(WORK ITEM): Of the entries below, return only those lines from the line with "小さなコーギー犬が、編み物の" to the line with "Deutsche Bundesbank 5", exactly, both included.

(SOURCE DATA):
◆ ◆ ◆ ◆

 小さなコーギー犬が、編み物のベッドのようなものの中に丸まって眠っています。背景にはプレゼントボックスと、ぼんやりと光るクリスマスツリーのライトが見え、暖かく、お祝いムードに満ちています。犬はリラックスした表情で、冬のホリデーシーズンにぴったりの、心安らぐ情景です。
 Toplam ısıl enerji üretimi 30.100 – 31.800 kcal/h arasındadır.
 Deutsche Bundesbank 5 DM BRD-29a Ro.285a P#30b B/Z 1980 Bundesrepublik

◆ ◆ ◆ ◆

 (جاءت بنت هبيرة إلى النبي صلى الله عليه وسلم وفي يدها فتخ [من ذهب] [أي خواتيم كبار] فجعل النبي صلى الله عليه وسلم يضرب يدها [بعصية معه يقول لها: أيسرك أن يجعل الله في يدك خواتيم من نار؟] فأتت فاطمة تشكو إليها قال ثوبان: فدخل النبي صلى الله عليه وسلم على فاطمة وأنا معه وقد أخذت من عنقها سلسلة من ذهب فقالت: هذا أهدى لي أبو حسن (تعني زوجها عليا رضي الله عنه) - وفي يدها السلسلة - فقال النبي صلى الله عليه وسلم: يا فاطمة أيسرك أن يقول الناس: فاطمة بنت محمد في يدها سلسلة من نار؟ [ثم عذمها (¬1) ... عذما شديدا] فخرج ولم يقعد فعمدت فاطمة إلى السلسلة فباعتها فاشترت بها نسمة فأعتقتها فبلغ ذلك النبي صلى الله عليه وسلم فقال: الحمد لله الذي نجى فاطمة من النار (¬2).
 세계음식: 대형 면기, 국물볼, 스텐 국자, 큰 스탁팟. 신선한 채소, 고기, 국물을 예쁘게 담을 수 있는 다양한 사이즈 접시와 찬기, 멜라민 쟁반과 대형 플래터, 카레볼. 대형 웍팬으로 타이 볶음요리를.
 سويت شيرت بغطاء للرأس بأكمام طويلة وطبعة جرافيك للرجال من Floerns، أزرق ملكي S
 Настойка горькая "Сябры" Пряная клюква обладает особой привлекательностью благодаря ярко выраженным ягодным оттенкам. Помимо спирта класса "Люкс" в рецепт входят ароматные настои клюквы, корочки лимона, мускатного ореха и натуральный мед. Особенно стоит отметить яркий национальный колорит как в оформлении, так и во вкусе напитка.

◆ ◆ ◆ ◆

(SOLUTION BELOW):
 小さなコーギー犬が、編み物のベッドのようなものの中に丸まって眠っています。背景にはプレゼントボックスと、ぼんやりと光るクリスマスツリーのライトが見え、暖かく、お祝いムードに満ちています。犬はリラックスした表情で、冬のホリデーシーズンにぴったりの、心安らぐ情景です。
 Toplam ısıl enerji üretimi 30.100 – 31.800 kcal/h arasındadır.
 Deutsche Bundesbank 5 DM BRD-29a Ro.285a P#30b B/Z 1980 Bundesrepublik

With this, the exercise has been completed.